Information has come from a number of sources: national surveys, clinical trials, descriptive studies, population-based incidence studies, and case control studies. All these study designs have limitations that must be understood to interpret the data. National surveys have been limited by incomplete ascertainment of the cases and the size of the population at risk. Many small, prospective cohort studies of complications of different types of lens wear have usually been carried out as clinical trials. This design is generally inappropriate for the study of rare conditions because the size of the cohort may need to be too large to be practical. This has sometimes been taken to mean that the problem is too infrequent to be of concern. However, this is not the case when there is a very large population exposed or when the disease, like keratitis, may be severe. The limitations of this study design have often been overlooked when it has been used to assess the potential of CLs for keratitis and when data from clinical trials have provided little information about the risks for keratitis. For these reasons, descriptive studies in the form of the case reports and case series summarized in Table 4, rather than clinical trials, first identified the probability that there was an increased risk of keratitis associated with some CL types. Recently, the case control study design has been used to overcome some of the problems of clinical trials and to resolve the uncertainties arising from the results of descriptive studies in the assessment of risk for rare complications like keratitis. The case control study is ideally suited to investigating whether there are differences in risks among CL types, allowing comparison of new types of lens and lens-wearing regimens with those for which the level of risk is better established. The advantages and disadvantages of these different study designs have been reviewed.88 Case control studies have provided quantitative data on differences in risk for different lens types and other causes of keratitis. They have also been used to investigate, by multivariable analysis, the influence of additional factors that are associated with the use of different lens types and which might contribute to the risk of keratitis. The data derived from these different approaches to quantifying risk and incidence are describedin the following section.

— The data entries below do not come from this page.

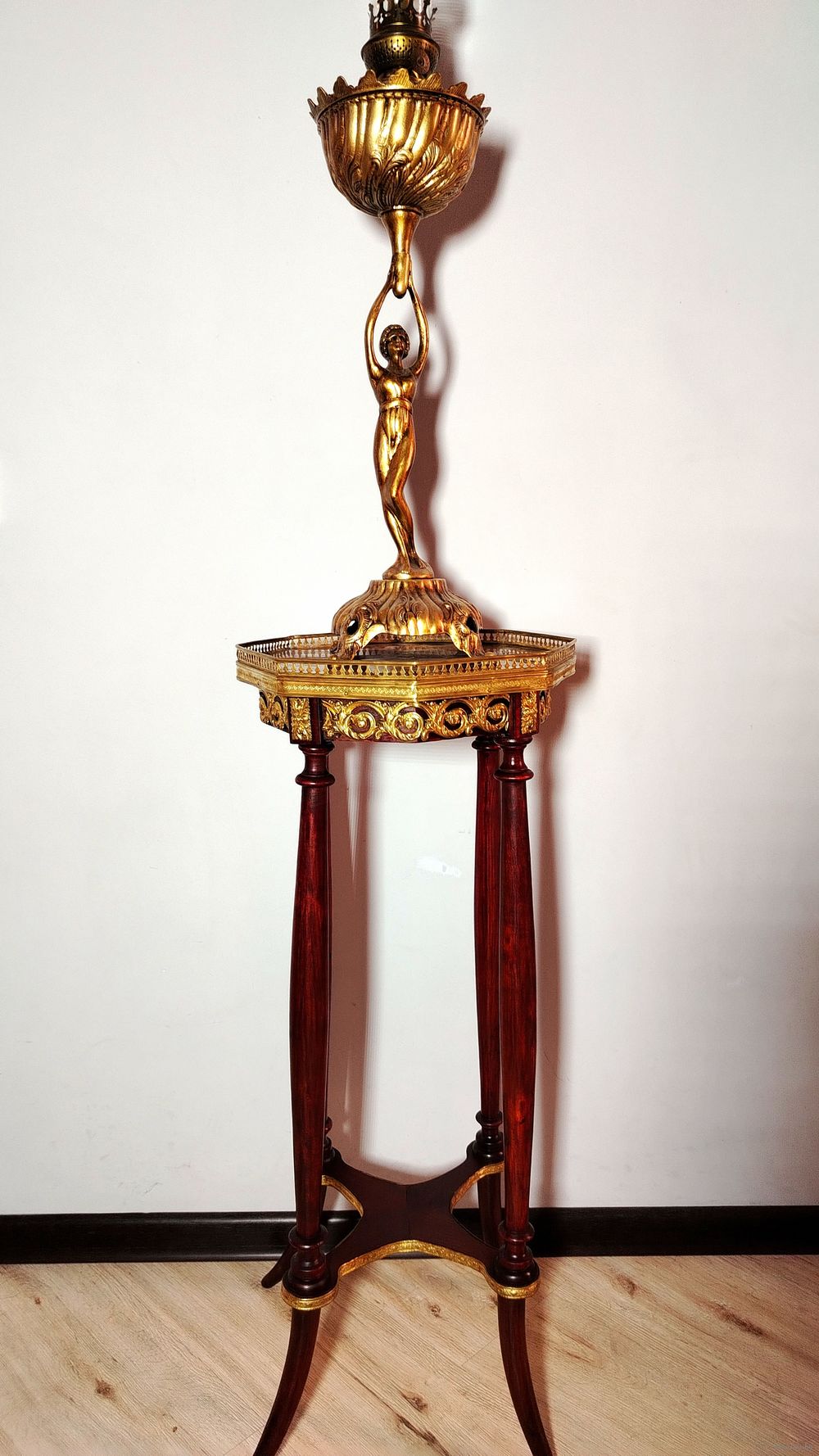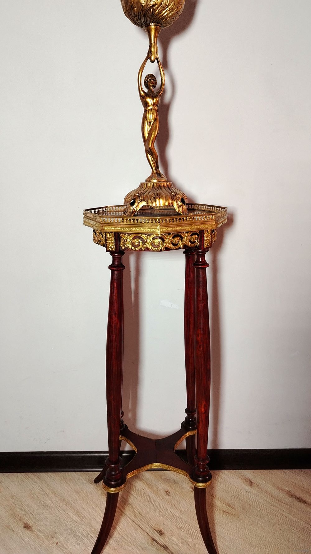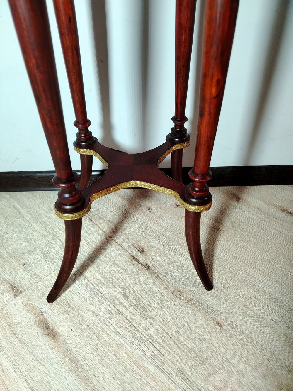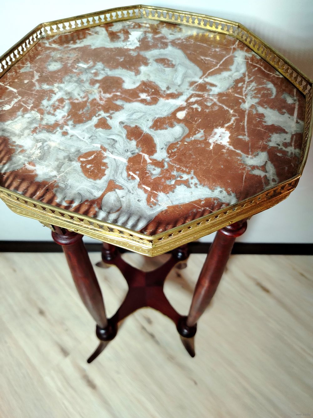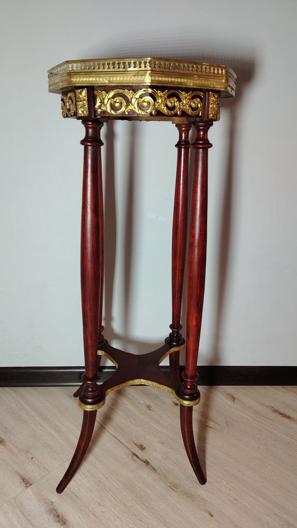 Стол (подставка). Европа. Массив дерева, бронзовые элементы, мраморная столешница. Высота 80 см.
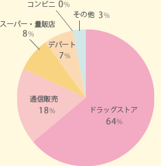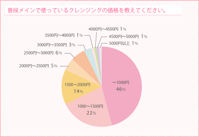 そのクレンジング事情を聞いてみたところ、約半数が1000円未満のものを使用しているようです。次いで「1000〜1500円(22%)」「1500〜2000円(14%)」と、8割を超える人が2000円以内のものを購入していることがわかりました。また、半数以上の人が2〜3ヶ月の頻度で1本を消費しているとのこと!そして、普段の購入場所には6割を越える人がドラッグストアを利用。ドラッグストアに次いで多かったのが、「通信販売(18%)」。ますます便利になってきたWEBを利用して購入している方も多いようです。
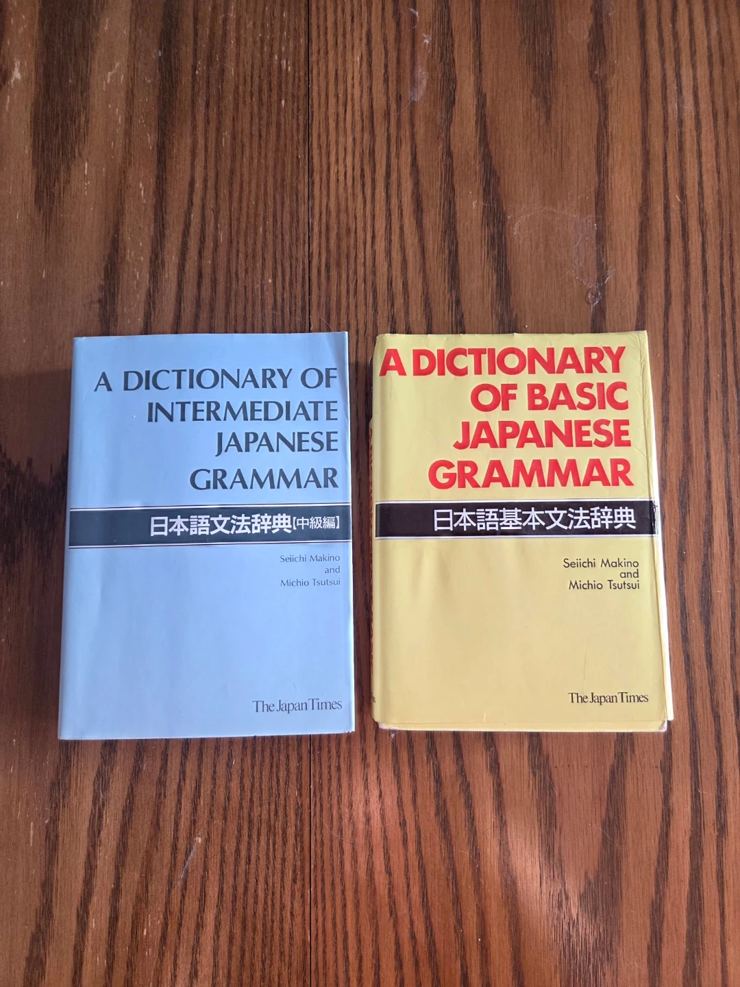 'A Dictionary of Basic Japanese Grammar' and 'A Dictionary of Intermediate Japanese Grammar' by Seiichi Makino and Michio Tsutsui. Retails for $40 each, selling for $20 each.
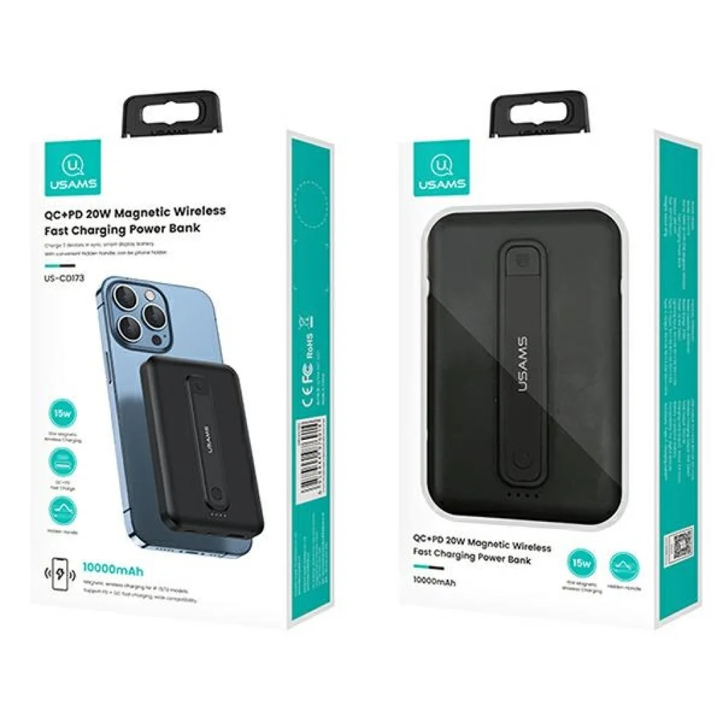 USAMS powerbank PB64 10000mAh 20W QC3.0+PD mágneses vezeték nélküli Gyors Töltés fekete 10KCD17301 (US-CD173)
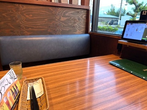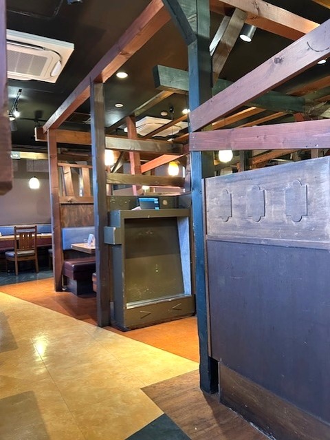 広い店内は木材を活かし、各テーブル席が仕切られています。

Incidence and Risks of Keratitis in Groups with Medical Indications for Contact Lens wear

The incidence of keratitis in these groups has to be considered separately from that associated with cosmetic CL wear because of differences in the age of the users, characteristics of the lens, and differences in the ocular tissues which may affect the predisposition to keratitis.

Aphakic CLs users are usually elderly; the high plus power that is required in the lenses reduces the oxygen transmission; and corneal sensation and corneal metabolism are affected by cataract surgery. Because the number of patients at risk has been relatively small and the optical benefits of CL wear, as opposed to aphakic spectacle wear, is so great, keratitis in aphakic CL users has received relatively little attention. There have been a number of clinical trials evaluating aphakic CLs, most of which included a few cases of keratitis, unlike the similar studies carried out for the evaluation of cosmetic CLs. These studies showed an incidence of 0% to 6% during various follow-up periods.89–94 The numbers in these clinical trials were too small to establish a precise estimate for the incidence but these studies confirmed the clinical impression that it is relatively high compared to that for cosmetic CL use.

The most precise figures for the incidence of ulcerative keratitis in aphakic lens wear come from a population-based incidence study95 in which the overall annualized incidence for aphakic lens wear was estimated at 52:10,000 with a 7 times higher risk for extended wear compared to daily wear and 6 to 8 times greater risks for aphakic lens wear compared to cosmetic DW SCLs.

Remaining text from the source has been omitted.